Qualifiers also apply to typed collections, as discussed earlier — for example, to
Set<MovieCatalog>
. In this case, all matching beans, according to the declared
qualifiers, are injected as a collection. This implies that qualifiers do not have to be
unique. Rather, they constitute filtering criteria. For example, you can define
multiple MovieCatalog
beans with the same qualifier value “action”, all of which are
injected into a Set<MovieCatalog>
annotated with @Qualifier("action")
.
Letting qualifier values select against target bean names, within the type-matching
candidates, does not require a @Qualifier
annotation at the injection point.
If there is no other resolution indicator (such as a qualifier or a primary marker),
for a non-unique dependency situation, Spring matches the injection point name
(that is, the field name or parameter name) against the target bean names and choose the
same-named candidate, if any.
That said, if you intend to express annotation-driven injection by name, do not
primarily use @Autowired
, even if it is capable of selecting by bean name among
type-matching candidates. Instead, use the JSR-250 @Resource
annotation, which is
semantically defined to identify a specific target component by its unique name, with
the declared type being irrelevant for the matching process. @Autowired
has rather
different semantics: After selecting candidate beans by type, the specified String
qualifier value is considered within those type-selected candidates only (for example,
matching an account
qualifier against beans marked with the same qualifier label).

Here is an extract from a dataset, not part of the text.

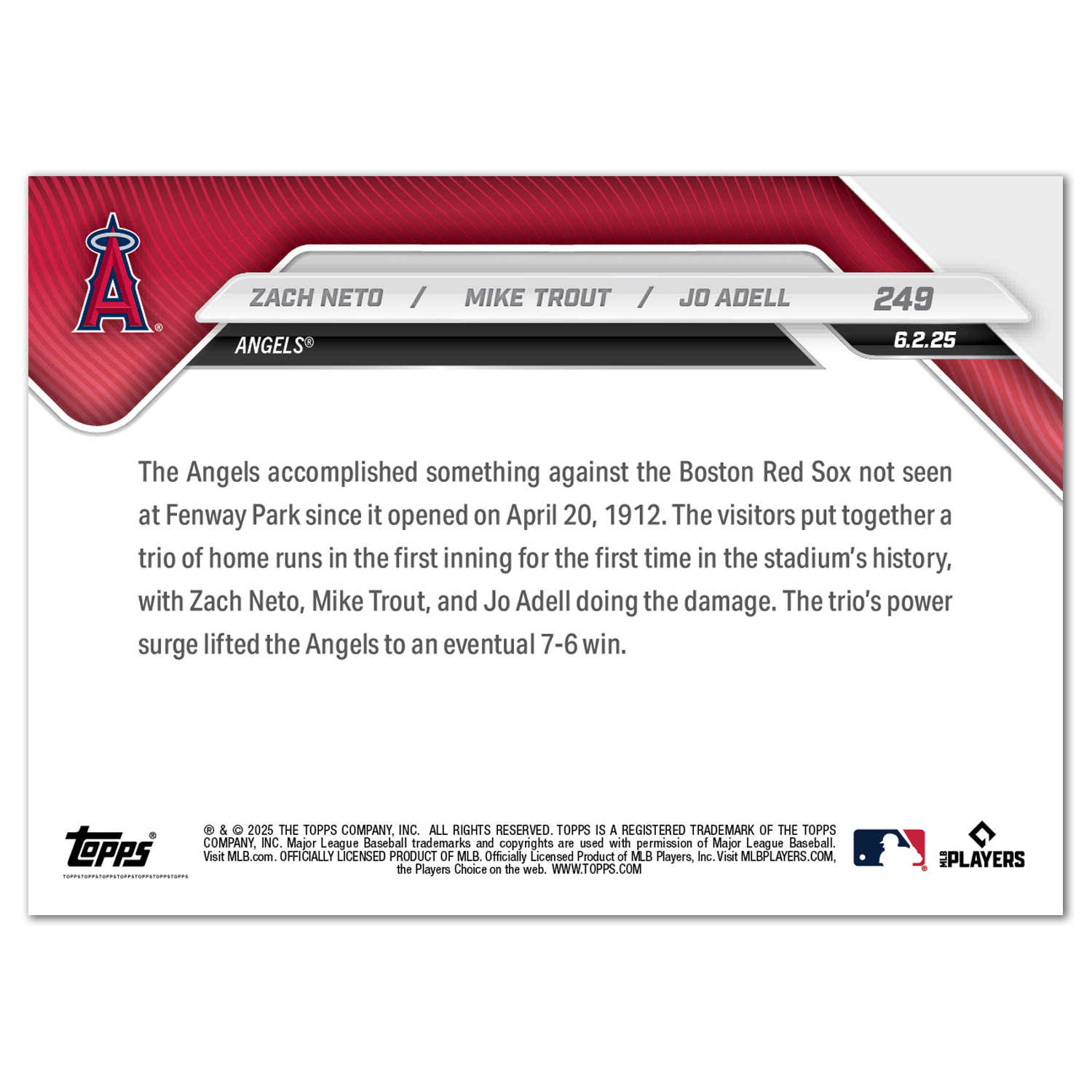 Zach Neto / Mike Trout / Jo Adell - 2025 MLB Topps NOW® - Card 249

For beans that are themselves defined as a collection, Map
, or array type, @Resource
is a fine solution, referring to the specific collection or array bean by unique name.
That said, as of 4.3, collection, you can match Map
, and array types through Spring’s
@Autowired
type matching algorithm as well, as long as the element type information
is preserved in @Bean
return type signatures or collection inheritance hierarchies.
In this case, you can use qualifier values to select among same-typed collections,
as outlined in the previous paragraph.
As of 4.3, @Autowired
also considers self references for injection (that is, references
back to the bean that is currently injected). Note that self injection is a fallback.
Regular dependencies on other components always have precedence. In that sense, self
references do not participate in regular candidate selection and are therefore in
particular never primary. On the contrary, they always end up as lowest precedence.
In practice, you should use self references as a last resort only (for example, for
calling other methods on the same instance through the bean’s transactional proxy).
Consider factoring out the effected methods to a separate delegate bean in such a scenario.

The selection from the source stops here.